Opening of KATP Channel Regulates Tonic Currents From Pyramidal Neurons in Rat Brain

AbstractBackground: ATP-sensitive K+ (KATP) channels couple metabolic state to cellular excitability. Activation of neuronal and astrocytic mitochondrial KATP (mitoKATP) channels regulates a variety of neuronal functions. However, less is known about the impact of mitoKATP on tonic γ-aminobutyric acid (GABA) inhibition. Tonic GABA inhibition is mediated by the binding of ambient GABA on extrasynaptic GABA A-type receptors (GABAARs) and is involved in regulating neuronal excitability.

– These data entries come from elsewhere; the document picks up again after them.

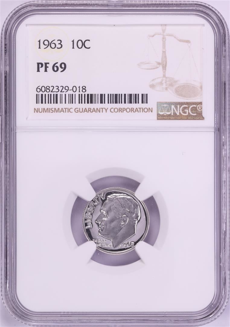 One 1963 Proof Roosevelt Dime Coin NGC PF69. NGC Certified.
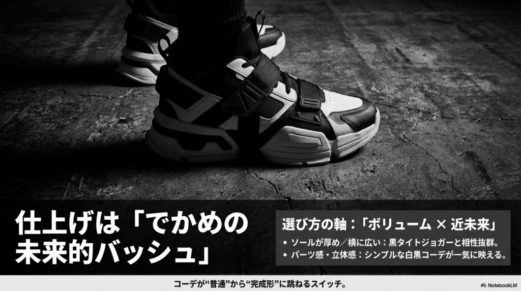 そのバランスを一発で作れるのが、この白×黒×未来的バッシュ。
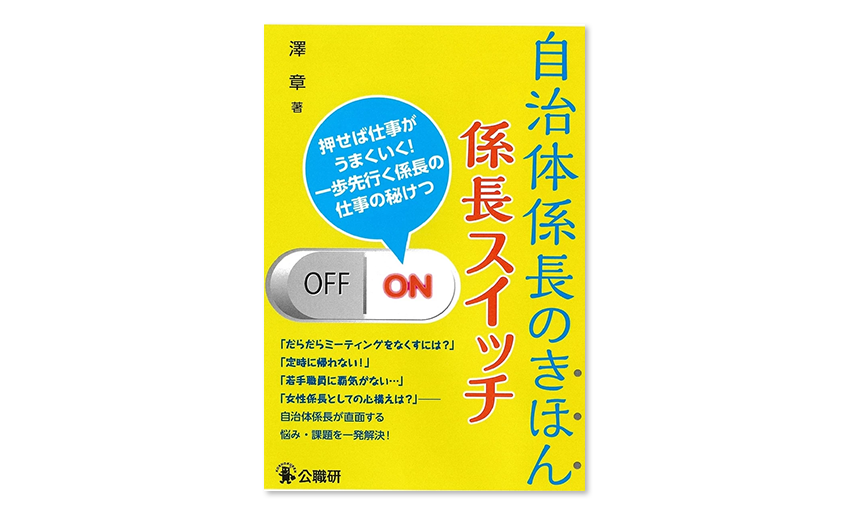 係長になりたての自治体職員、あるいは、これから係長を目指す人たちに向け、係長が直面する様々な課題や悩みを取り上げ、それを乗り越えるためのコツを伝授。ここを押せば係長が前へ進むスイッチ=「係長スイッチ」をオンにして、課題の山々を乗り越えよう!
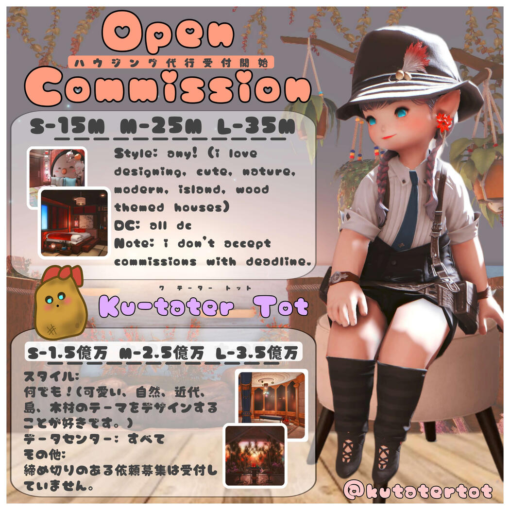 | Priority Conditions: 1) Commissions with no deadlines 2) No rushed commissions 3) 1 Floor Designer House (Most of the Designs in Featured Designs Pictures are 1floor Designer Houses) Please join my Discord Server for More info. | 優先条件: 1)締め切り無し 2)急ぎ作成じゃない 3)1階デザイナーハウス (有名なデザイン欄のほとんどは1階デザイナーハウスです。) その他の情報はDiscord Serverにてご確認ください。 |
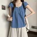 ギャザーシャーリングブラウストップス シャツ ブラウス ロングシャツ チュニック 春夏 秋 レディース ミセスファッション ストライプ ギャザー タックブラウス 工場 スーパー 100 kg 大きいサイズ ミリメートル フライング スリーブ プリーツ
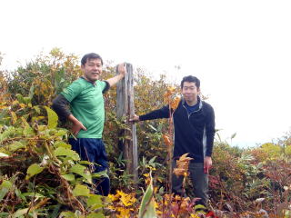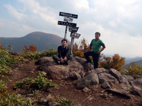 南面白山の山頂にて。後ろの山は大東岳です
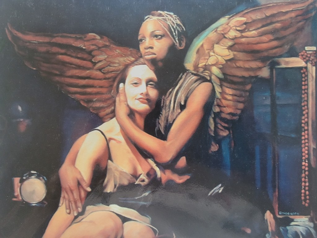 I soon learned that art was Victor’s lifeblood, his oxygen. He spent most of his days creating, drawing, painting, or learning and practicing digital art forms on his computer. He always had paint on his fingers or under his nails, he was always scrubbing his apartment due to endless drips and splatters and messes, and I was stunned when he led me to a big plastic shed on his rooftop balcony and opened it up to show me dozens of paintings. They were all labeled and dated, but simply stacked in there, finished and beautiful and breathtaking and hidden away. Here was this gifted man, working tirelessly all alone in his home studio, and then tucking the finished products into a compartment where nobody could see or admire them. He was, I could see, especially fond of painting angels.
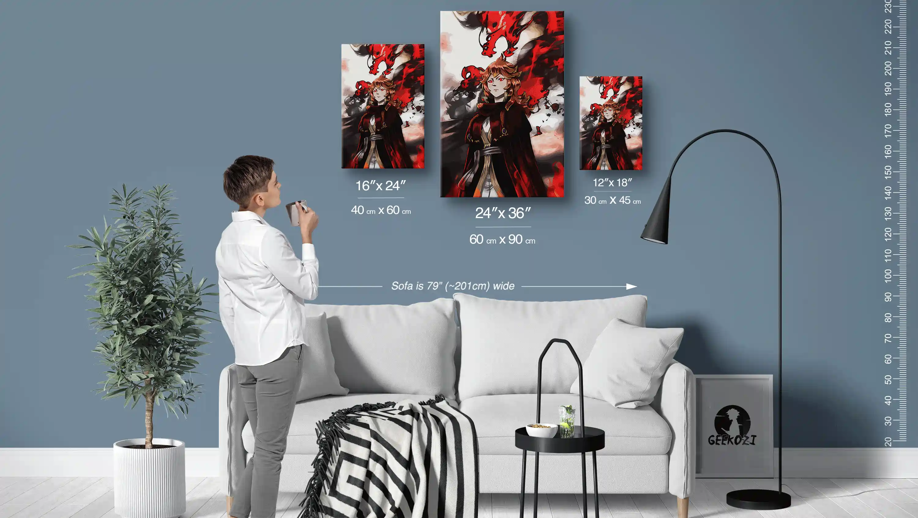 At Geekozi, we offer high quality printed metal wall art that brings your favorite anime visuals to life. Choose from our three stunning finishes: Matte Aluminum, featuring 3 mm aluminium Dibond with a smooth, low-glare look; Brushed Aluminum, which has a 3 mm brushed silver finish that adds a metallic grain; and Acrylic, crafted from 4 mm glossy acrylic glass for extra depth and polished edges. Our UV-cured, six-colour printing ensures sharp detail and vibrant, long-lasting colour. Each piece comes with a slim magnetic plate and screws for easy hanging, no need for frames or drilling through the artwork. Available sizes include 12×18, 16×24, and 24×36, providing options to fit any space.

Methods: We determined the impact of activation of KATP channels with diazoxide (DIZ) on tonic inhibition and recorded tonic current from rat cortical layer 5 pyramidal cells by patch-clamp recordings. Results: We found that neonatal tonic current increased with an increase in GABA concentration, which was partially mediated by the GABA A-type receptor (GABAAR) α5, and likely the δ subunits. Activation of KATP channels resulted in decreased tonic current in newborns, but there was increased tonic current during the second postnatal week. Conclusions: These findings suggest that activation of KATP channels with DIZ regulates GABAergic transmission in neocortical pyramidal cells during development.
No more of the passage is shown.